◆ Supplied data ◆
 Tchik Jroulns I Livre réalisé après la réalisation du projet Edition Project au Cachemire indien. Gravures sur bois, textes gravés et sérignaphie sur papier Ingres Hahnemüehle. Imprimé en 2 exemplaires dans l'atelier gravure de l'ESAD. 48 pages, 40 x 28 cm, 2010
==
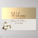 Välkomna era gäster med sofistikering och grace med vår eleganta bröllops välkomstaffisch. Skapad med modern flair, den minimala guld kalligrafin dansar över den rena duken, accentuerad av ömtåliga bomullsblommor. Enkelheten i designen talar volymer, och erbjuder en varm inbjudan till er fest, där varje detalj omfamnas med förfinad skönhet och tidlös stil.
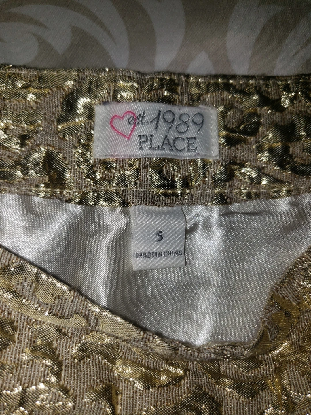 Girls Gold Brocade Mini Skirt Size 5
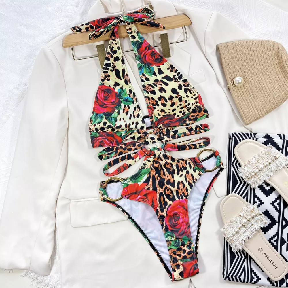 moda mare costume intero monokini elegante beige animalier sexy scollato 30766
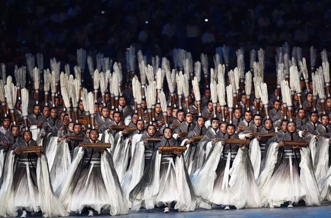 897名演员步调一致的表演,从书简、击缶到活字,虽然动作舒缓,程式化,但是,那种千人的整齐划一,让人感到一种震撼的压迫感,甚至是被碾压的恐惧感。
---
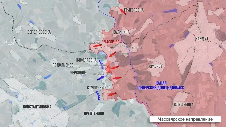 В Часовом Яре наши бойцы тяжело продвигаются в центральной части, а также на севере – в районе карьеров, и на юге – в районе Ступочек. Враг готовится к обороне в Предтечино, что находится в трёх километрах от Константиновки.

◆ Aim of the task ◆
Beginning at the line above that contains "moda mare costume", repeat each line exactly through the one that contains "897名演员步调一致的表演,从书简、击缶", and leave out the pictures.

◆ Reply ◆
 moda mare costume intero monokini elegante beige animalier sexy scollato 30766
 897名演员步调一致的表演,从书简、击缶到活字,虽然动作舒缓,程式化,但是,那种千人的整齐划一,让人感到一种震撼的压迫感,甚至是被碾压的恐惧感。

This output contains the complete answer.